On Tue, Aug 5, 2014 at 5:54 AM, Alex Newman posi...@gmail.com wrote:

 Could you explain a bit more of why you don't want a memstore? I can't see
 why it is harmful. Sorry to be dense.
 On Aug 3, 2014 11:24 AM, Ozhan Gulen ozhangu...@gmail.com wrote:

  Hello,
  In our hbase cluster memstore flush size is 128 mb. And to insert data to
  tables, we only use bulk load tool. Since bulk loading bypasses
 memstores,
  they are never used, so we want to minimize memstore flush size. But
  memstore flush size is used in many important calculations in hbase such
  that;
 
  region split size = Min (R^2 * “hbase.hregion.memstore.flush.size”,
  “hbase.hregion.max.filesize”)
 
  So setting memstore value smaller or 0 for example,  results in some
  other problems.
  What do you suggest us in that case. Setting memstore size to 128 holds
  some memory for tens of regions in region server and we want to get rid
 of
  it.
  Thanks a lot.
 
  ozhan
 



Re: hbase memstore size

2014-08-06 Thread Ted Yu
bq. HBase will first check if the data exist in memstore, if not, it will
check the disk

For read path, don't forget block cache / bucket cache.

Cheers


On Wed, Aug 6, 2014 at 7:54 AM, yonghu yongyong...@gmail.com wrote:

 I did not quite understand your problem. You store your data in HBase, and
 I guess later you also will read data from it. Generally, HBase will first
 check if the data exist in memstore, if not, it will check the disk. If you
 set the memstore to 0, it denotes every read will directly forward to disk.
 How heavy will be the I/O cost? Moreover, you can think memstore as a
 buffer management in RDBMS.


 On Tue, Aug 5, 2014 at 5:54 AM, Alex Newman posi...@gmail.com wrote:

  Could you explain a bit more of why you don't want a memstore? I can't
 see
  why it is harmful. Sorry to be dense.
  On Aug 3, 2014 11:24 AM, Ozhan Gulen ozhangu...@gmail.com wrote:
 
   Hello,
   In our hbase cluster memstore flush size is 128 mb. And to insert data
 to
   tables, we only use bulk load tool. Since bulk loading bypasses
  memstores,
   they are never used, so we want to minimize memstore flush size. But
   memstore flush size is used in many important calculations in hbase
 such
   that;
  
   region split size = Min (R^2 * “hbase.hregion.memstore.flush.size”,
   “hbase.hregion.max.filesize”)
  
   So setting memstore value smaller or 0 for example,  results in some
   other problems.
   What do you suggest us in that case.

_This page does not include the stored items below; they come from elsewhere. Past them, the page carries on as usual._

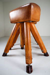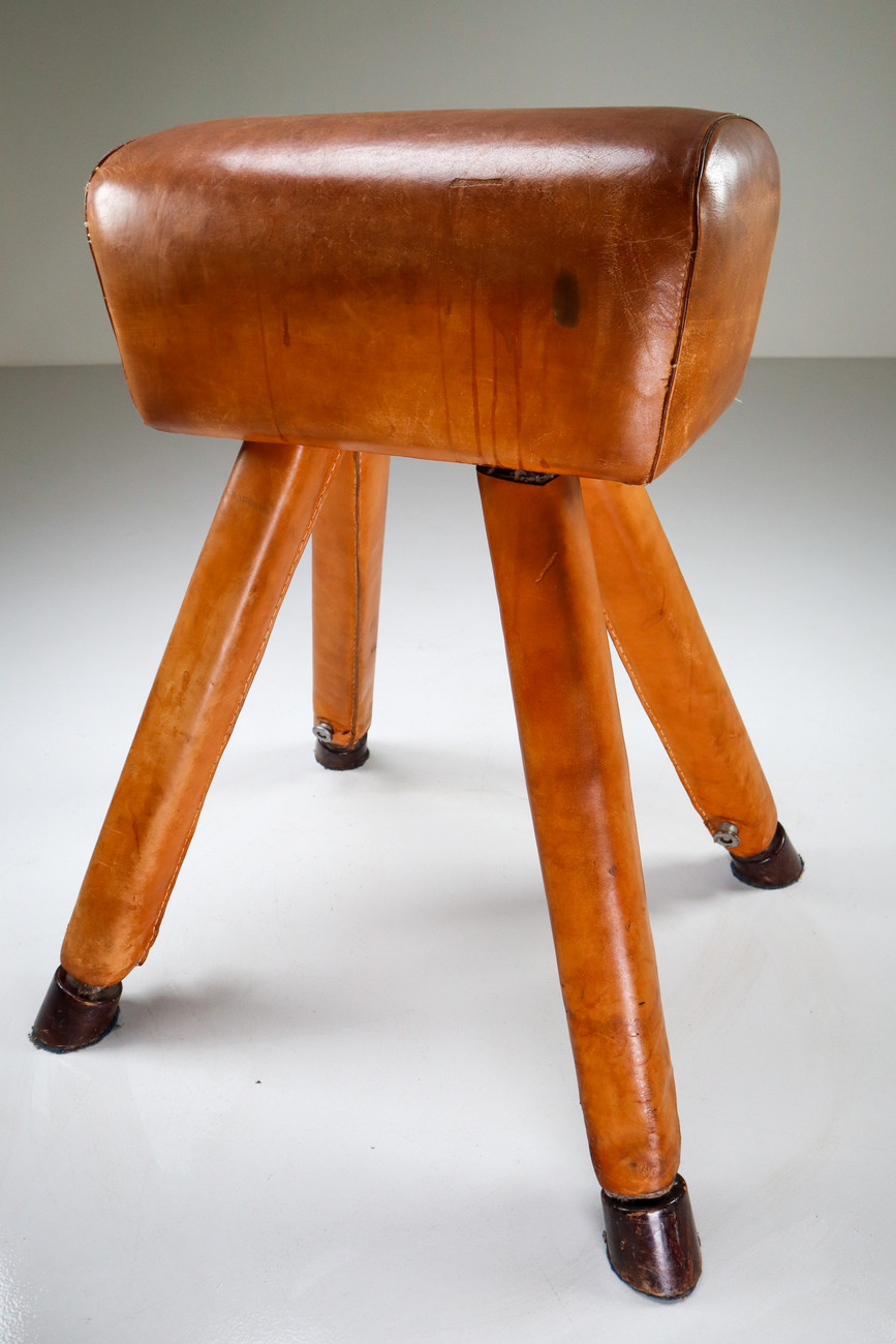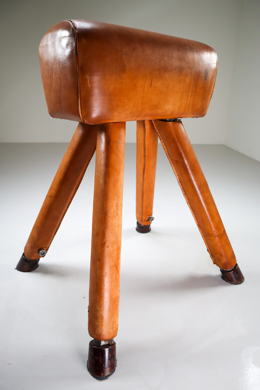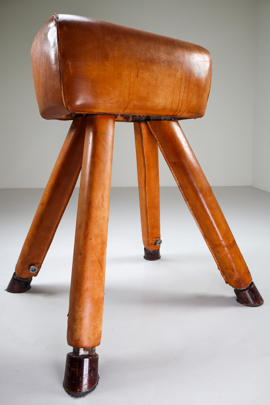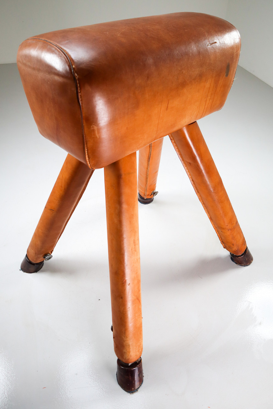 115 cm (45.28 inch)Patinated cognac leather covered beechwood gym horse, circa 1950. Salvaged from an old gym, this handsome piece of equipment is weighted for stability and has horse shaped hoof feet. Lots of patina, imperfections and overall charm and amazing good condition.
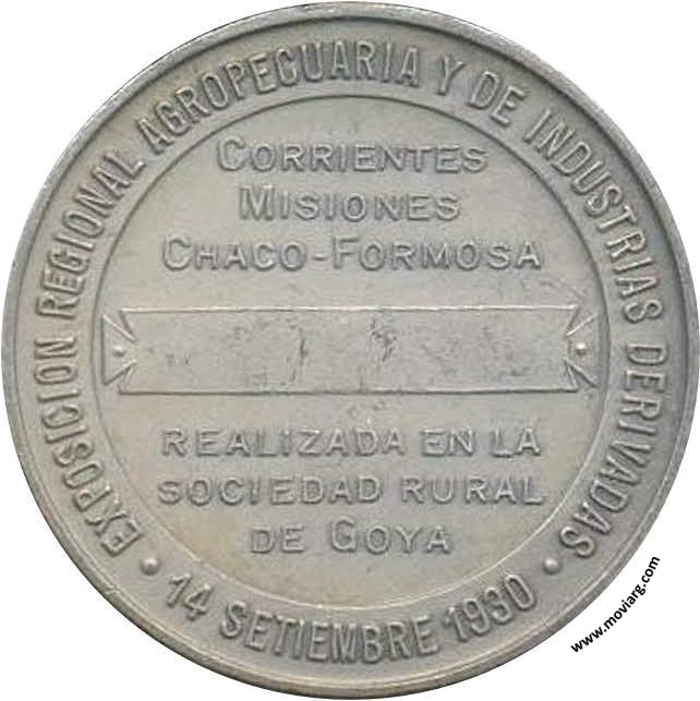 Anverso: MINISTERIO DE AGRICULTURA / REPÚBLICA ARGENTINA. Firma: CONSTANTE ROSSI Reverso: EXPOSICION REGIONAL AGROPECUARIA Y DE INDUSTRIAS DERIVADAS / 14 SETIEMBRE 1930 / CORRIENTES / MISIONES / CHACO-FORMOSA / REALIZADA EN LA / SOCIEDAD RURAL / DE GOYA Referencia: | |
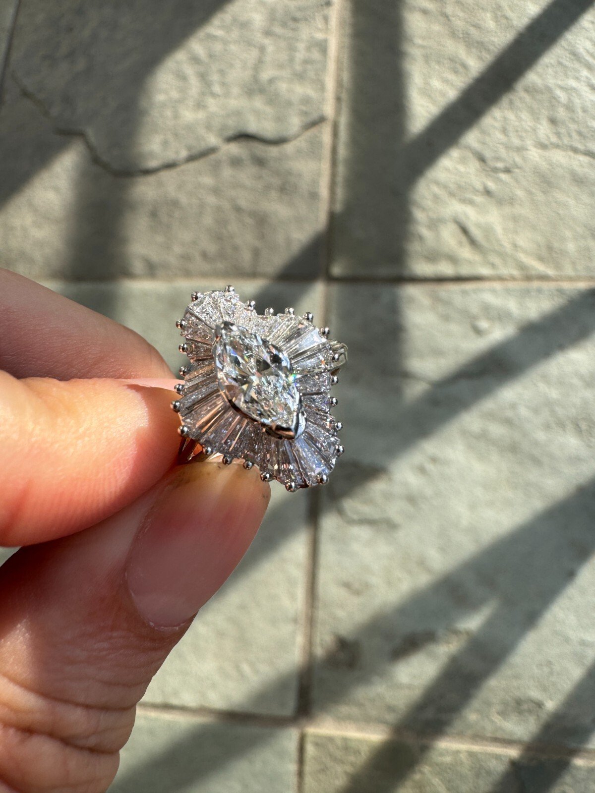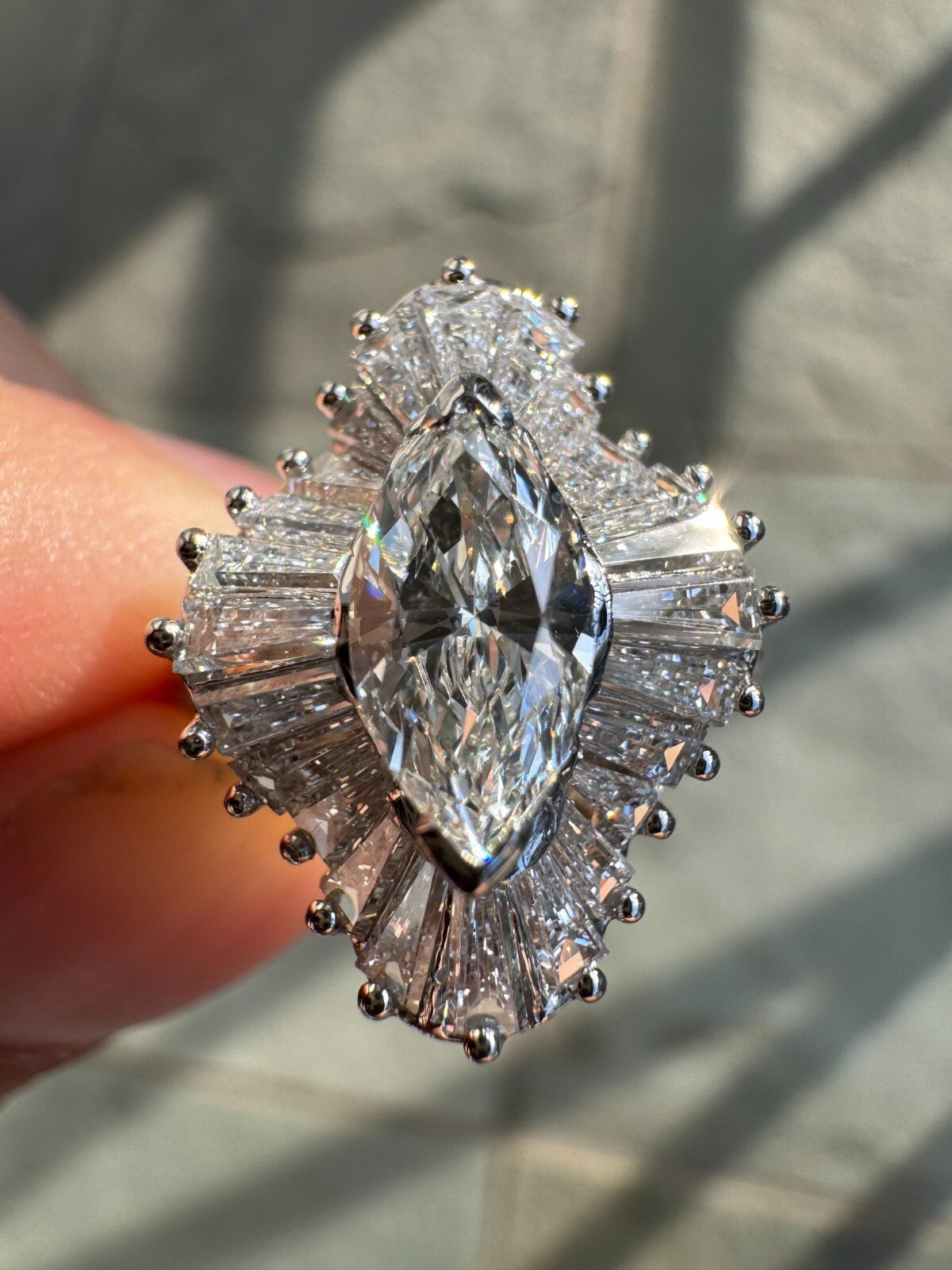 Amazing Ballerina Diamond & 600-750 Platinum Ring Marquise Center Stone
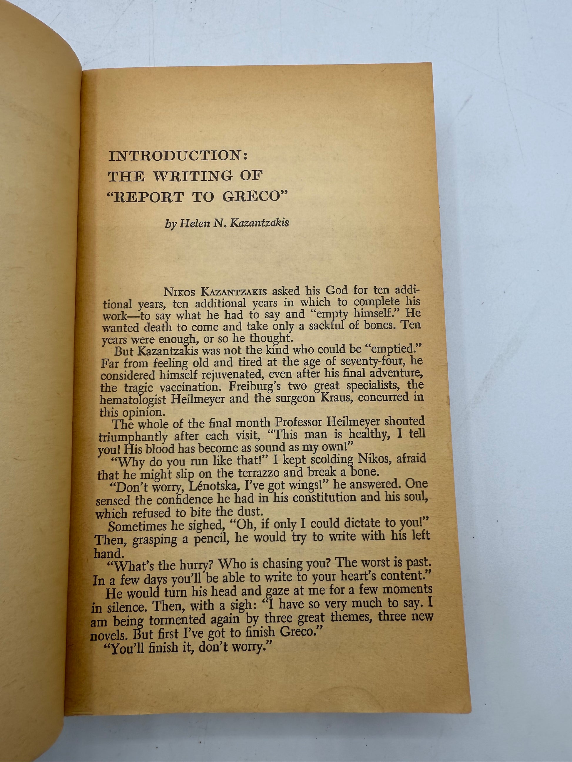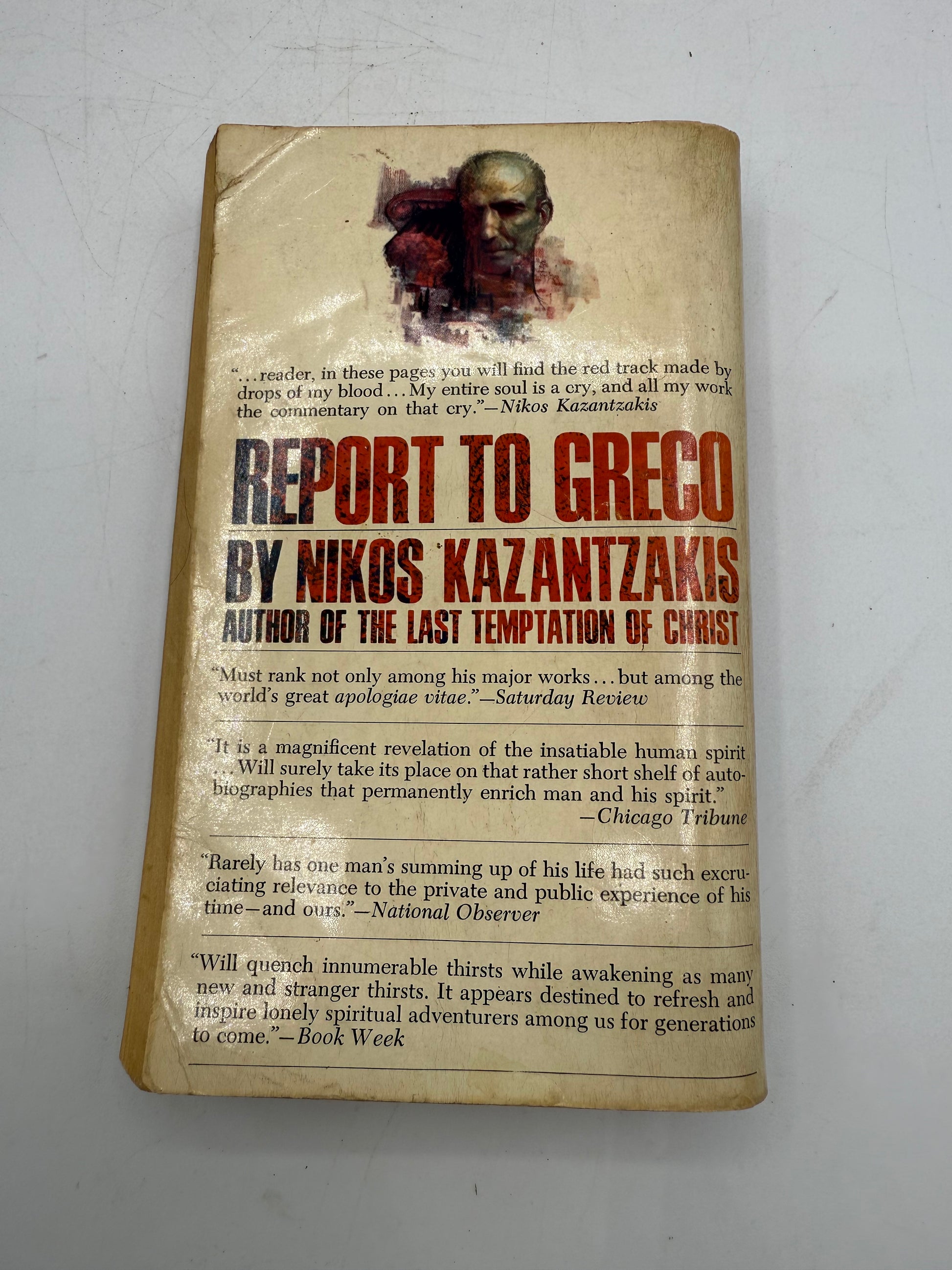 Report to Greco by Nikos Kazantzakis. Translated from The Greek by P A Bien. Bantam Edition, November 1966. There are creases on the lower right cover corner. Please see pictures for condition. The pages have moderate to heavy toning throughout. There are occasional penned underlined notations not all pictured. There are penned notes on a blank page in the back of the book. Size: 7", 495 pages.

Setting memstore size to 128 holds
   some memory for tens of regions in region server and we want to get rid
  of
   it.
   Thanks a lot.
  
   ozhan
  
 



Re: hbase memstore size

2014-08-04 Thread Alex Newman
Could you explain a bit more of why you don't want a memstore? I can't see
why it is harmful. Sorry to be dense.
On Aug 3, 2014 11:24 AM, Ozhan Gulen ozhangu...@gmail.com wrote:

 Hello,
 In our hbase cluster memstore flush size is 128 mb. And to insert data to
 tables, we only use bulk load tool. Since bulk loading bypasses memstores,
 they are never used, so we want to minimize memstore flush size. But
 memstore flush size is used in many important calculations in hbase such
 that;

 region split size = Min (R^2 * “hbase.hregion.memstore.flush.size”,
 “hbase.hregion.max.filesize”)

 So setting memstore value smaller or 0 for example,  results in some
 other problems.
 What do you suggest us in that case. Setting memstore size to 128 holds
 some memory for tens of regions in region server and we want to get rid of
 it.
 Thanks a lot.

 ozhan